I had the same idea earlier, but i dropped it because my intuition was, that three quadratic equations are worse than three linear and one quadratic equation :-)

Since you brought this approach up again, i tried it now, but sympy does not seem to find a solution.

You can check out my code here: http://pastebin.com/famnqkLC

You wrote you expected sympy to find a solution for numeric coefficients, but i need a symbolic solution because i want to proceed further (by differentiating with respect so some of the parameters for optimization), and don't want a sympy.solve step in each optimization step.

Any idea why my original approach "explodes" in regards of the resulting expressions?

[Oscar Benjamin]

On 14 June 2016 at 20:30, <janosc...@gmail.com> wrote:
> I had the same idea earlier, but i dropped it because my intuition was, that
> three quadratic equations are worse than three linear and one quadratic
> equation :-)
>
> Since you brought this approach up again, i tried it now, but sympy does not
> seem to find a solution.
>
> You can check out my code here: http://pastebin.com/famnqkLC
>
> You wrote you expected sympy to find a solution for numeric coefficients,
> but i need a symbolic solution because i want to proceed further (by
> differentiating with respect so some of the parameters for optimization),
> and don't want a sympy.solve step in each optimization step.

You should perhaps explain more clearly what you do want then. You
want <X> in terms of <Y> but what are X and Y?

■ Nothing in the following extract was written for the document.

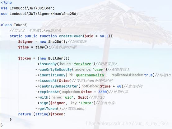 ->identifiedBy( id: ' quanzhankaifa',replicateAsHeader: true)//标题id->issuedAt($time)//发出token令牌的时间

> Any idea why my original approach "explodes" in regards of the resulting
> expressions?

Given your three linear equations you can solve them to get x, y, and
cosphi all in terms of sinphi. Then you have that cosphi is:

(-(Cux*Cvy - Cuy*Cvx)*(Awx*Cvz*sinphi - Awy*Cuz*sinphi + Cwz) +
(Cux*Cvz - Cuz*Cvx)*(Avx*Cvy*sinphi - Avy*Cuy*sinphi + Cwy) - (Cuy*Cvz
- Cuz*Cvy)*(Aux*Cvx*sinphi - Auy*Cux*sinphi + Cwx))/(Cux*Cvy*(Awx*Cuz
+ Awy*Cvz) - Cux*Cvz*(Avx*Cuy + Avy*Cvy) - Cuy*Cvx*(Awx*Cuz + Awy*Cvz)
+ Cuy*Cvz*(Aux*Cux + Auy*Cvx) + Cuz*Cvx*(Avx*Cuy + Avy*Cvy) -
Cuz*Cvy*(Aux*Cux + Auy*Cvx))

Which you can substitute for cosphi in cosphi**2+sinphi**2-1 to get a
quadratic in only sinphi.

The explosion comes from expanding the cosphi expression (and then
squaring!). You have 12 different symbols (excluding sinphi) and all
the cross-multiplications gives a combinatoric explosion of terms that
aren't easy to factor.

I guess what you want to do is rearrange the cosphi expression into
the form a*sinphi + b but without expanding a and b.

--
Oscar

[janosc...@gmail.com]

Sorry if i am being imprecise, but actually i cant describe it better than in my opening post. I want X, Y and Phi in terms of everything else.

Maybe i was wrong in assuming that i could simply pass sympy the system of equations and it would deliver the solutions in a form that i could then use for further processing (auto diff), but the intermediate expression you give for cosphi indicates that there is a much more compact representation of the solution in matrix notations. I understand that sympy only got some (non-matrix) equations, and therefore couldn't introduce matrix operations by itself.

But maybe there is some approach i am missing, which would help sympy to use matrix operations in the solution?